Lambda Expressions in C++
This post and the examples are adapted from the Microsoft C++ Documentation.
A lambda expression is a convenient way of defining an anonymous function object right at the location where it is invoked or passes as an argument to a function.
Parts Of A Lambda Expression
A lambda expression usually contains the following parts:
-
Capture clause: It specifies which variables are captured, and whether the capture is by value or by reference.
-
Parameter list (optional): It resembles the parameter list for a function.
-
Mutable specification (optional): It enables the body of a lambda expression to modify variables that are captured by value.
-
Exception specification (optional): It indicates whether the lambda expression throws any exceptions, by using throw() / noexcept.
-
Return type (optional): It is automatically deduced by the compiler from the return expression, or is void if no return expression exists. It can also be specified with a trailing-return-type, which resembles the return part of an ordinary method or function. The trailing-return-type should include the keyword “->”” before the return type.
-
lambda body: It can contain anything that the body of an ordinary method or function can contain.

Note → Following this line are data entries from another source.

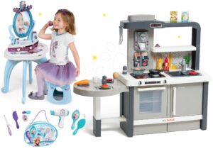 Set kuchynka rastúca s tečúcou vodou Tefal Evolutive Smoby a kozmetický stolík Frozen 2v1 so stoličkou a taštičkou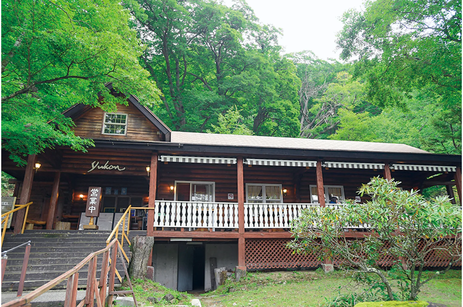 木の温もりあふれるログハウス風のカフェ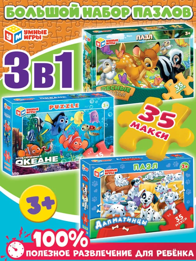 Макси пазлы для детей 3 лет набор 3в1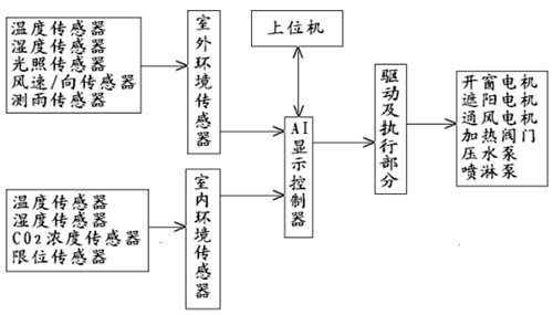 降濕:當(dāng)室內(nèi)濕度高于設(shè)定值時,控制開天窗、開通風(fēng),加強(qiáng)空氣對流,從而達(dá)到降低室內(nèi)濕度的目的。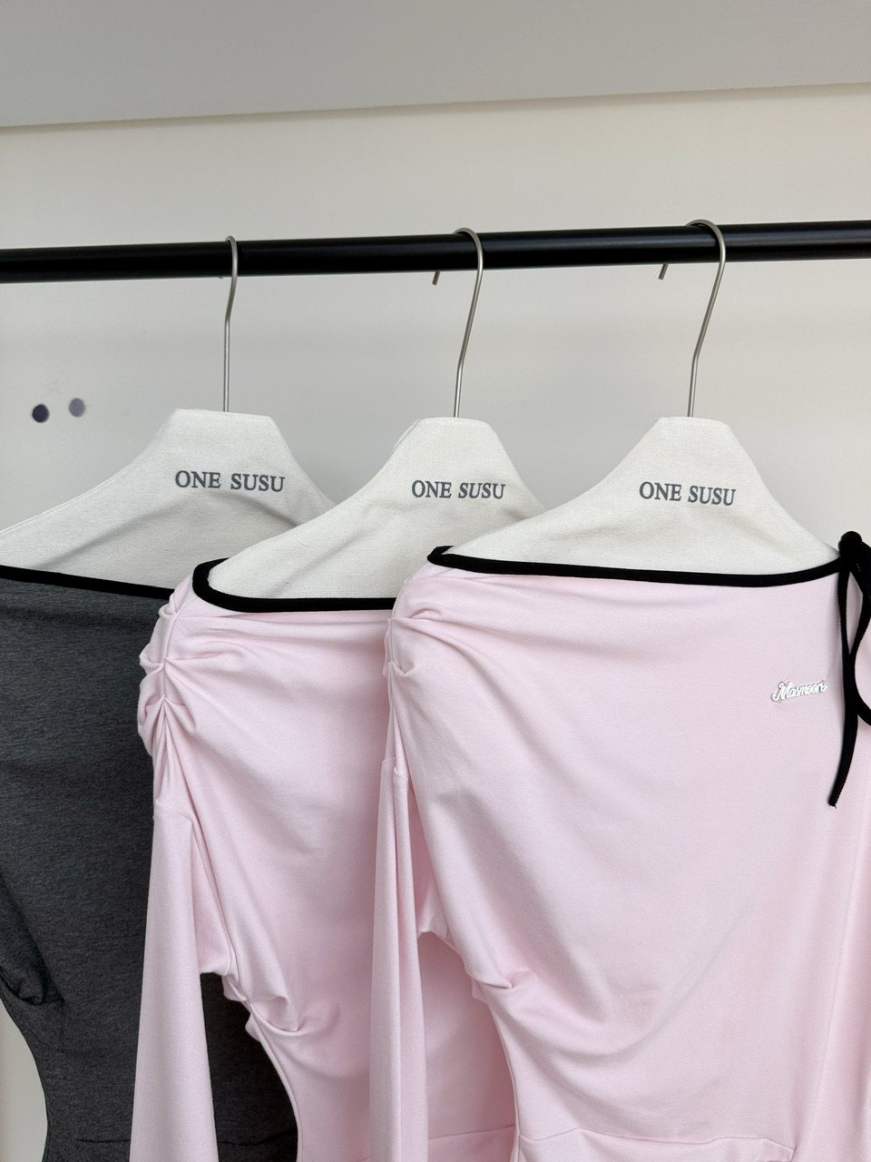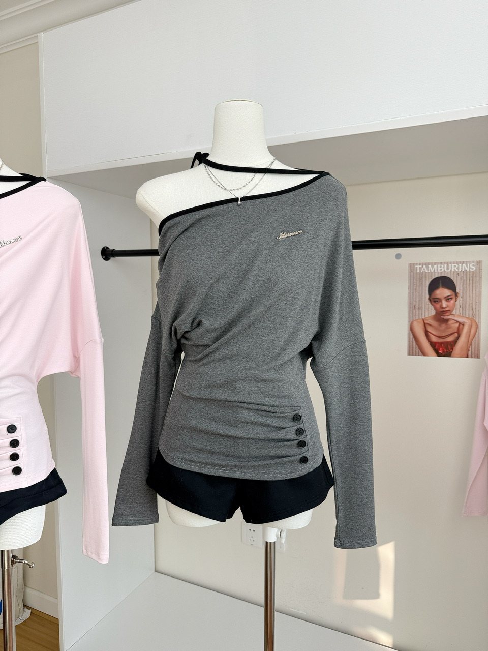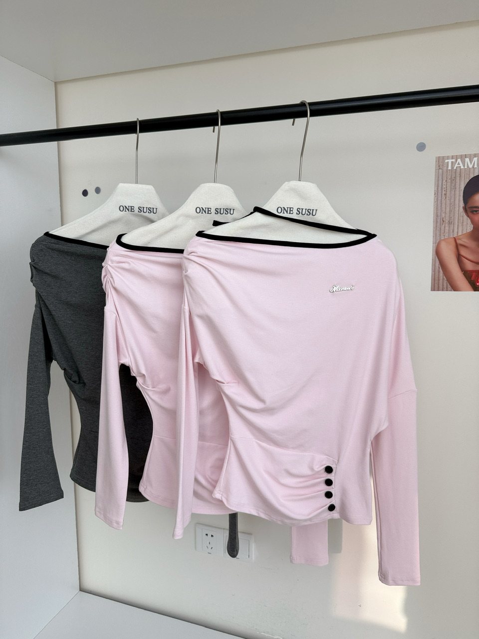 ArouRee, a K-pop trainee, wears a Korean-style long-sleeved off-shoulder halter neck T-shirt in autumn, a versatile pink top.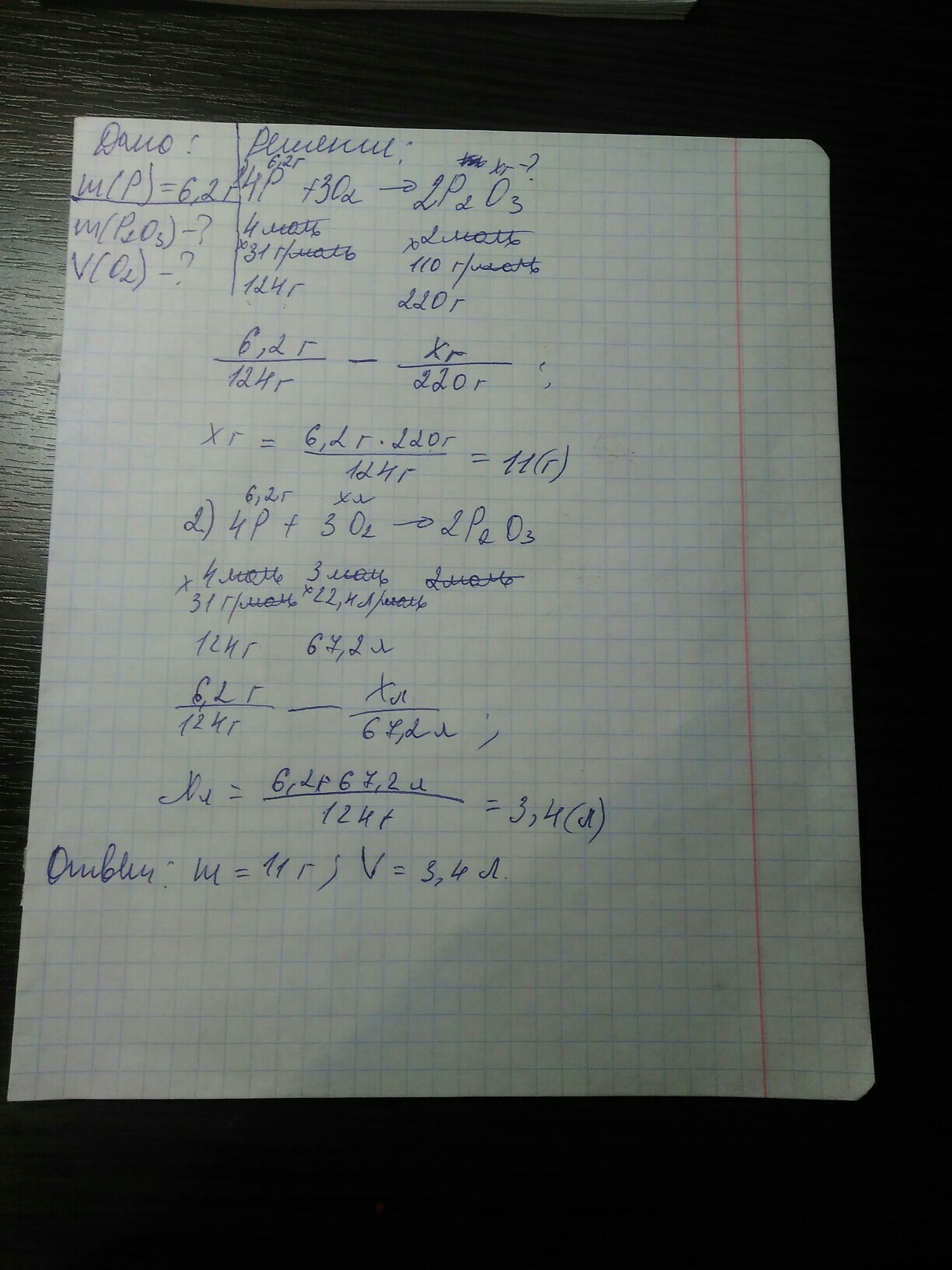 Найдите массу вещества Р2О3, которое образовалось при взаимодействии фосфора массой 6,2 г с кислородом. Определите объем кислорода (н.у.), вступившего в реакцию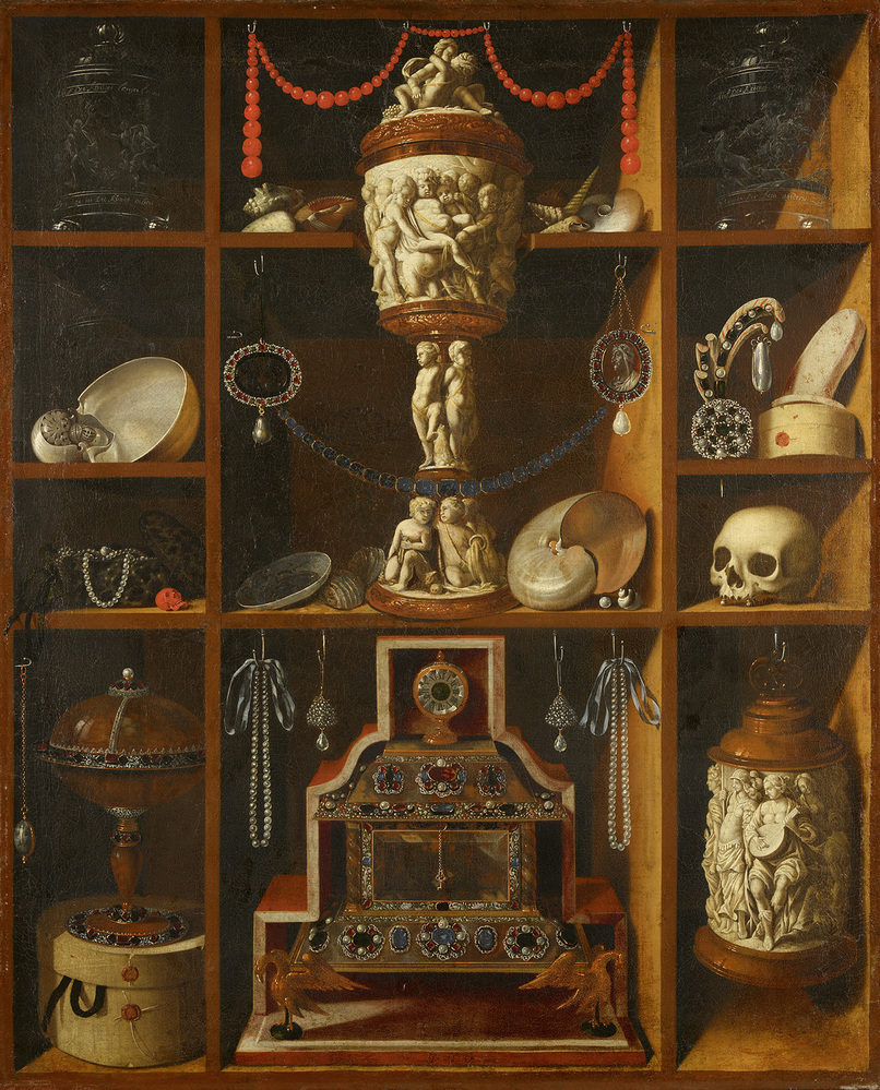 Dit schilderij is een van de weinige Oude Meesters in de verzameling van Abraham Willet. Het doek kan geïnterpreteerd worden als een ideaalbeeld van zijn eigen verzamelaspiraties. De kostbare objecten, vervaardigd van verschillende materialen, zijn realistisch uitgebeeld. Soortgelijke voorwerpen, maar dan in een eenvoudiger uitvoering, zijn ook in de collectie van Willet terug te vinden. Voorbeelden zijn pronkzilver, gegraveerde glazen, gesneden ivoren, schelpen en luxe snuisterijen. ( Bert Vreeken)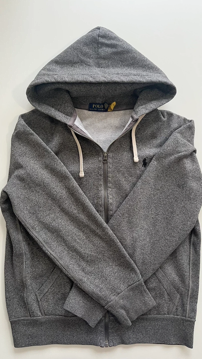 10Like-new Polo Ralph Lauren full-zip hoodie in heather grey. It’s lightly used, well-kept, and shows no visible signs of wear. Features a smooth front zipper and the classic embroidered Polo logo on the chest. Purchased from Toronto Premium Outlets and kept in great condition.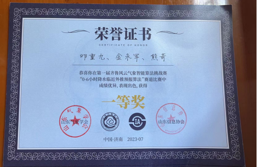 7月15至16日,由山东气象学会、浪潮数字(山东)建设运营有限公司、山东信息协会联合主办的第一届齐鲁风云气象智能算法挑战赛决赛及颁奖仪式在济南完美收官。历经初赛、复赛、决赛的层层选拔和激烈角逐,成人av 教师刘佳指导的研究生邓重九、金永军、熊奇组成的团队获得“0-6小时降水临近外推预报算法”赛道一等奖。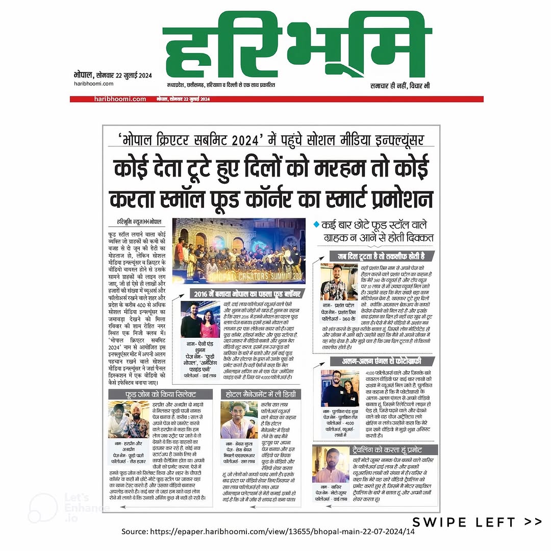 Honored to be featured in Haribhoomi! Yesterday’s Bhopal Creator Summit at @aceofclubs_bhopal was absolutely exuberant 🔥 Bringing together all the talented people from Bhopal under one roof was a fantastic experience. Huge congratulations to the @makclickz @bhopalcreatorssummit team for the superb arrangements, especially on such short notice. Special thanks to @update_bus_bhopal . Looking forward to many more incredible events in the future! #bhopalcreatorssummit #creatorssummit #creatorsbhopal #summit #featured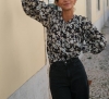 • Épaule encastrée avec manches bouffantes et poignets boutonnés • Fermeture centrale avec boutons ton sur ton • Empiècement avec fronces pour donner de l'ampleur à la chemise • Tissu léger et avec mouvement travaillé en dobby de viscose

The general syntax of defining lambda expressions is as follows.
1
2
3
[capture clause](parameter_list) mutable exception -> return_type {
Method Definition;
}
Below is an example of a simple lambda expression. The lambda expression is passed as the third argument to the std::sort() function.
1
2
3
4
5
6
7
8
9
10
11
#include <algorithm>
#include <cmath>
void abssort(float* x, unsigned n) {
std::sort(x, x + n,
// Lambda expression begins
[](float a, float b) {
return (std::abs(a) < std::abs(b));
} // end of lambda expression
);
}
More About Capture Clause
Capture clause specifies which variables are captured, and whether the capture is by value or by reference. An empty capture clause, [], indicates that the body of the lambda expression accesses no variables in the enclosing scope. The clause [&] means all variables that you refer to are captured by reference, and the clause [=] means they are captured by value.
For example, if a lambda body accesses the external variable total by reference and the external variable factor by value, then the following capture classes are equivalent.
1
2
3
4
5
6
[&total, factor] // total by reference, factor by value
[factor, &total] // order does not matter
[&, factor] // all by reference, factor is special (by value)
[factor, &] // same as the above one, order does not matter
[=, &total] // all by value, total is special (by reference)
[&total, =] // same as the above one, order does not matter
Here is another example shows that if a capture clause includes a capture-default &, then no identifier in a capture of that capture clause can have the form & identifier (same for capture-default =).
1
2
3
4
5
[&, i] // ok
[&, &i] // error, i preceded by & when & is the default
[=, this] // error, this when = is the default
[=, *this] // ok, captures this by value
[i, i] // error, i repeated
Another Example
The following example contains a lambda expression that explicitly captures the variable n by value and implicitly captures the variable m by reference:
1
2
3
4
5
6
7
8
9
10
#include <iostream>
using namespace std;
int main()
{
int m = 0;
int n = 0;
[&, n] (int a) mutable { m = ++n + a; }(4);
cout << m << endl << n << endl;
}
Because the variable n is captured by value, its value remains 0 after the call to the lambda expression. The mutable specification allows n to be modified within the lambda.